Eichmann recognized that it was very natural that some among this large Jewish community would commit actions for which the Council could not be reponsible. This fact would be taken into account. He reemphasized that he wanted to protect Jewry from all individual atrocities and, should such a thing happen anywhere - even by German soldiers - it should be reported to him immediately and he would deal harshly with the perpetrators. He would punish most severely anyone trying to enrich himself from Jewish wealth.

The organization of Jewry was to be unitary, and if we found it necessary we should raise the community (or congregation) tax; everyone was to obey the instructions of the Jewish Council, and he would see to it that this took place.

Moreover, he declared that he was a friend of plain speaking, and that we should tell him everything openly and honestly, and he would give an honest answer. He already had such great experience in handling Jewish matters that we should not believe that anybody could mislead him, and if someone were to attempt it he would have to face him.

Then a moving scene followed.
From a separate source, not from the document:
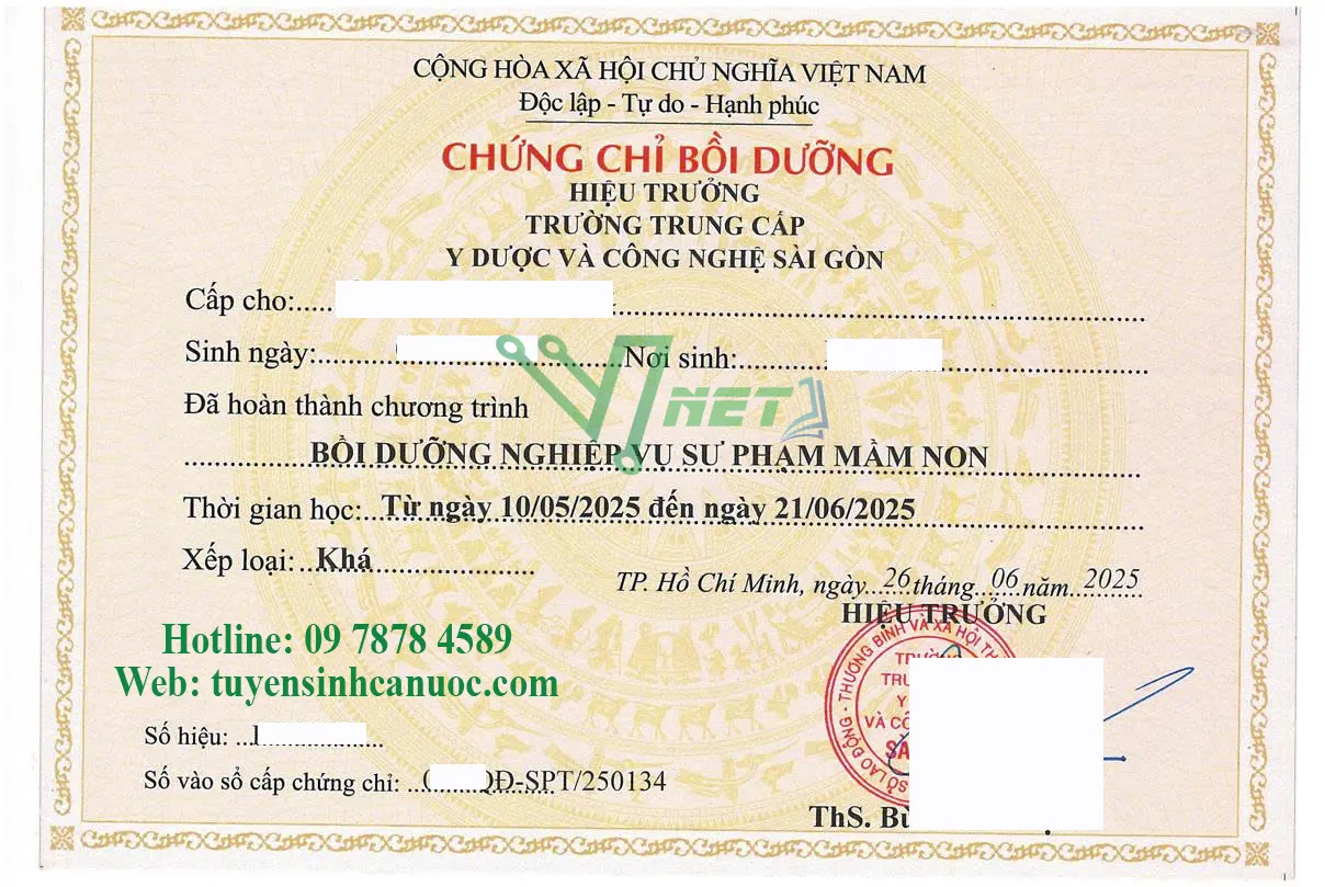 Lớp 1. Khóa học Nghiệp vụ sư phạm mầm non – Cấp chứng chỉ Trường Trung cấp Y Dược và Công nghệ Sài gòn: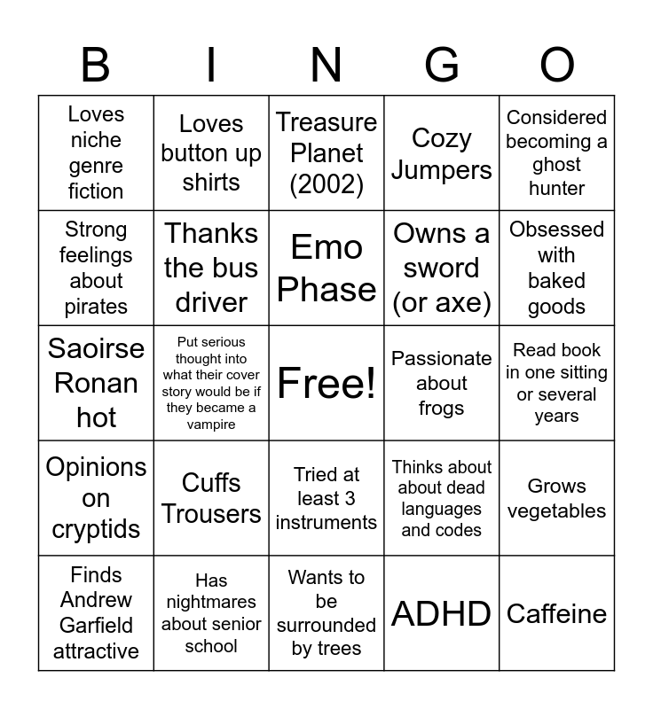 This bingo card has a free space and 24 words: Cuffs Trousers, Has nightmares about senior school, Emo Phase, Finds Andrew Garfield attractive, Considered becoming a ghost hunter, Loves niche genre fiction, Strong feelings about pirates, Loves button up shirts, Passionate about frogs, Tried at least 3 instruments, Owns a sword (or axe), Saoirse Ronan hot, Thinks about about dead languages and codes, Grows vegetables, Thanks the bus driver, ADHD, Read book in one sitting or several years, Treasure Planet (2002), Obsessed with baked goods, Put serious thought into what their cover story would be if they became a vampire, Caffeine, Opinions on cryptids, Cozy Jumpers and Wants to be surrounded by trees.

Dr. Janos Gabor stood up and said that he was distressed by the introduction of the Yellow Star. His late father had taken part in the Great War as a Major Judge Advocate, and his grandfather had been a soldier in 1848. The wearing of the Yellow Star would encourage the riffraff to attack and mock Jews on the streets. In reponse, Eichmann declared that he would not tolerate the harming of Jews for wearing the Yellow Star, and that if any incident of this nature occurred it should be reported to him and he would deal with the attackers.